Aside from the fire risk, using extremely high levels of oxygen is also a risk, although this level is rarely seen outside of a hospital or ambulance. That said, using even slightly higher levels of oxygen over time can cause damage to the lungs and also alter the drive to breathe in patients with COPD. Therefore, it is important to clarify these and other potential risks regarding your oxygen prescription with your doctor.
8. Will I Be Able to Travel With Oxygen?
The quick answer to this question is yes; however, your doctor will be able to provide specific instructions regarding your oxygen needs, whether you are traveling by air, water, or land. Your ability to travel safely depends a lot on the severity of your disease, which your doctor will be able to discern through adequate testing.

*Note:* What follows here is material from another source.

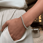 Izdignite svoju eleganciju s Rivière narukvicom koja sadrži sjajni set kamenčića. Prekrivena 14k zlatom, ova sofisticirana narukvica nudi provjereni glamur i rafinirani dodir. Idealna za bilo koju priliku, dodaje savršenu kombinaciju luksuza i stila vašoj kolekciji dodataka.

9. What Should I Do If My Oxygen Tank Runs Out Unexpectedly?
Whether you forget to turn off the oxygen tank or your oxygen concentrator runs out of batteries, you might run into a situation where your oxygen supply is suddenly cut short. While you might feel anxious while it is happening, your doctor can help formulate a contingency plan with you in case you run out unexpectedly. This might include a trip to the emergency room, but some cases might be able to be resolved in urgent care.
10. Will I Need Any Tests With My Oxygen Prescription?
Your doctor will most likely order 2 primary tests to evaluate your present and ongoing needs for supplemental oxygen: a pulse oximetry test and arterial blood gas. Both of these tests measure the oxygen levels in your bloodstream, which is the best way to evaluate the supply of oxygen getting into your body.
11. Can I Get a Certificate of Medical Necessity?
Your certificate of medical necessity will be necessary when proving to your insurance company and other 3rd-party organizations that you have a medical need for an oxygen device. To avoid delays in receiving this document, be sure to ask about it right when you are receiving your oxygen prescription.
It is very common for patients to leave their doctor’s appointments feeling like they have too much to remember, yet also think that they did not ask the questions they really wanted to ask. With this simple list of 11 questions to ask regarding your oxygen prescription, you will be prepared during your appointment and will walk away, feeling more confident about your treatment plan.